In 2009, GRGS published the second series (RL02) of gravity fields in form of 10-day gravity field models as described by Bruinsma et al. [2010]. The processing strategy employed normalised spherical harmonic coefficients up to degree and order 50 at a 10-day interval, with a spatial resolution of ~400 km. The new time-variable mean gravity field EIGEN-GRGS.RL02.mean- field was used as the reference model, the background models IERS2003, FES2004 and MOG2D were used to correct for various tidal variations, such as the gravitational potential of the Earth and that of external bodies [McCarthy and Petit, 2003], ocean tides that affect solid Earth and ocean pole tide deformations [Desai, 2002], and the global barotropic response to atmospheric forced variability of the oceans [Carrère and Lyard, 2003], respectively [Bruinsma et al., 2010]. The ECWMF climate model was used to model atmospheric effects. Due to a stabilisation process during their generation by constraining the coefficients (degree 2 to 50) to the coefficients of the static field, noise in form of North-South striping in the GRGS solutions is already reduced and subsequent filtering is not necessary for the analysis [Lemoine et al., 2007, Bruinsma et al., 2010].

Release 03

After more than ten years of successful operation, reprocessed Level-1B data (“V2”) [Lemoine et al., 2013] of the GRACE mission have been released by JPL and new release 05 solutions have been made available by JPL, CSR and GFZ, recently followed by the release 03 (RL03) solutions from GRGS. The RL03 feature monthly as well as 10-day solutions [Biancale, 2012; Lemoine et al., 2013]. These solutions have been improved by using upgraded versions of data, models and inversion procedures [Lemoine et al., 2013]. In addition to using the new Level-1B V2 data, the gravity solutions feature an improved a priori gravity model, updated and improved versions of the tide model (FES2012 in place of FES2004), the atmospheric dealiasing fields (ECMWF ERA-Interim (every 3 hours) instead of ECMWF operational model (every 6 hours)) and the ocean dealiasing fields (TUGO (every 3 hours) in replacement of MOG2D (every 6 hours). Furthermore, some changes in the K-band ranging and accelerometer parameterisation have

been undertaken and the maximum degree has been extended from 50 to 80, improving the spatial resolution [Lemoine et al., 2013]. Additionally, a new “mean field” has been computed and the inversion process is now based on a truncated single value decomposition scheme [Biancale, 2012]. However, due to an error at high latitudes in the FES2012 tidal model, the GRGS RL03 solutions cannot be used in polar areas between 82 and 90 degrees at present [Biancale, 2012].

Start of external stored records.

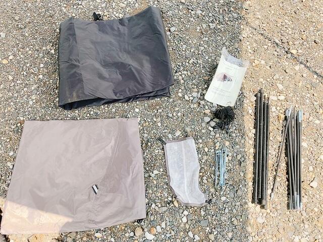 テント本体に部品、説明書等が入っています。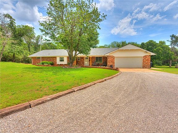 Back on market due to Buyer school change. No fault of seller. Completely remodeled home and new 40' x 50' shop on 2.5 acres mol. New lighting, windows, interior/exterior doors, texture/paint, carpet/vinyl wood plank flooring, counter tops, faucets, and kitchen appliances. All new cabinets throughout home adding additional storage and closet space. Add-on includes enormous master suite with adjacent office/flex room, master bath, and utility room. Two new HVAC, tankless water heater, softener, and spray foamed attic. Sprinkler system installed in 2022. Water well pump installed 2023. 500-gal propane tank heats water and heater. Shop is plumbed for bathroom, small kitchen and washer/dryer. Framed, not finished out. Huge porch off shop and can accommodate RV. Manual switch installed on panel for future generator. Beautiful acreage with mature trees. Sundance series Tuff shed with chicken coop built on. Enjoy watching deer, fox, birds, and more from the private covered back patio. Great location with easy access to I-35 and Kilpatrick. OKC utilities and Edmond schools.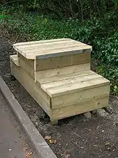 Mounting blocks were usually made from stone or wood and prior to the era of the motor car they were very common. Some have three or more steps leading up to a platform which gave extra height and therefore easier access to the saddle and less chance of falling when dismounting.[5] A few had a wall or some other support to one side of the steps, as at Saint Boswells.[6] Some were built as memorials and bear inscriptions.[4] They were built with bricks, ashlar and even occasionally from a single stone block,[4] whilst an example at Shewalton Mill in North Ayrshire is a glacial erratic boulder located in the mill yard.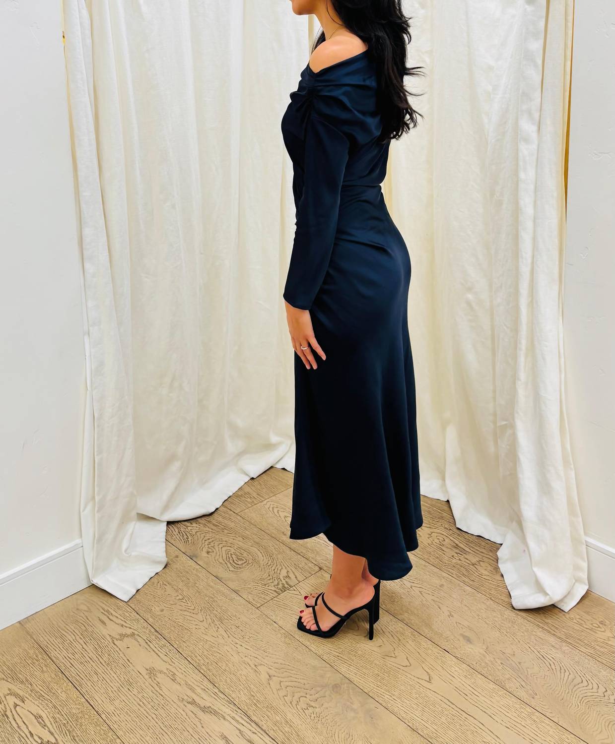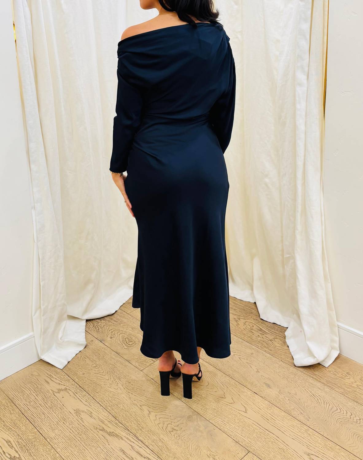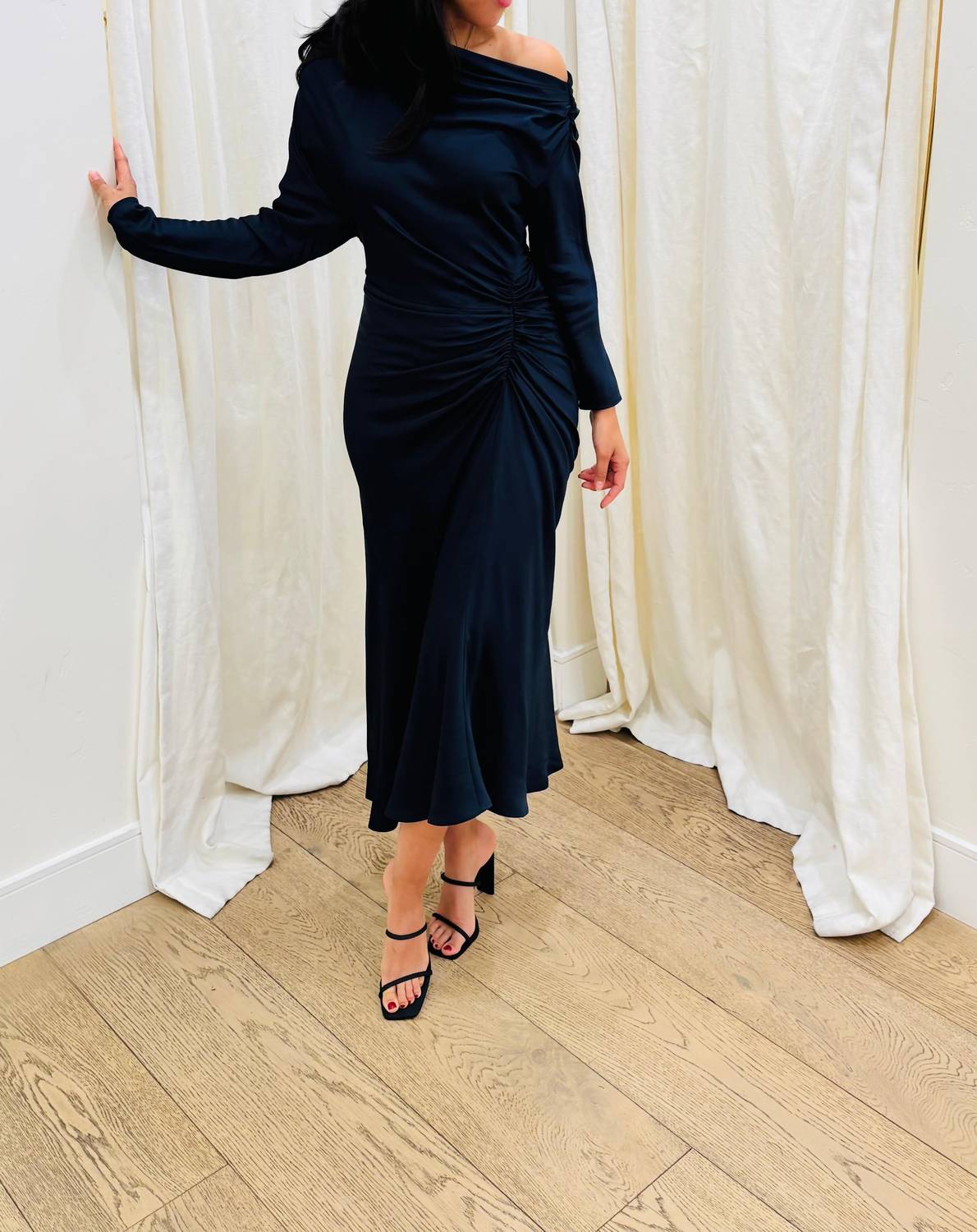The pefect long sleeve dress for those cooler months. Elevate your wardrobe with the Women's Piper Satin Dress by A.L.C., crafted in a luxurious satin composition in a dark sapphire shade. This minimalist sheath dress features a stylish off-the-shoulder neckline and long sleeves, perfect for a fall vacation occasion. With a pull-on closure, the design emphasizes elegance with its solid pattern and ruched waist. Model is wearing a size 4.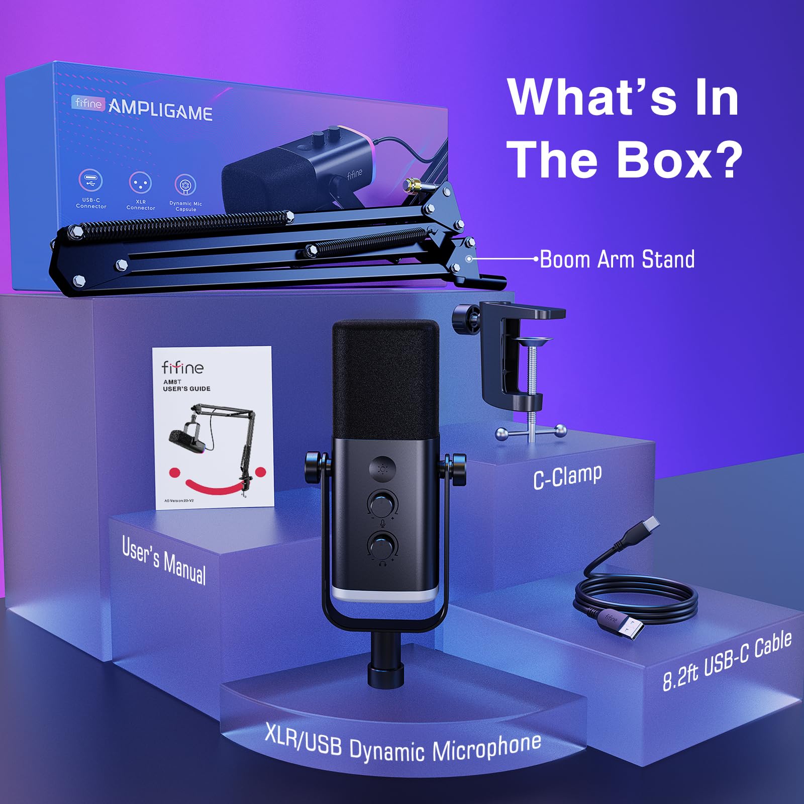 - Tips: 1) The desk clamp is suitable for desktop with a thickness of less than 2 inch. 2) AM8T package comes with dynamic microphone, Boom Arm Stand, C-Clamp, 8.2ft USB to USB-C Cable, User's Manual. 3) XLR cable NOT included.

I chose to use the GRGS solutions for my research due to their stabilisation process that is applied to reduce noise in the form of North-South striping by regularising the inversion for spherical harmonic coefficients. Bruinsma et al. [2010] stated that regularising geopotential coefficients leads to “more accurate geoid difference/EWH anomaly maps than a-posteriori filtering of solutions, because the level of stabilisation of a solution depends on the sensitivity of a given spherical harmonic coefficient to the normal equation system”. Generally both signal and noise are attenuated randomly when filtering and smoothing geopotential solutions, as the data distribution and quality is not known [Lemoine et al., 2007; Bruinsma et al., 2010]. Due to their stabilisation process, the GRGS solutions are also less prone to signal contamination (leakage), which is enhanced by increasing the radius of the Gaussian smoother [Bruinsma et al., 2010; Velicogna and Wahr, 2006].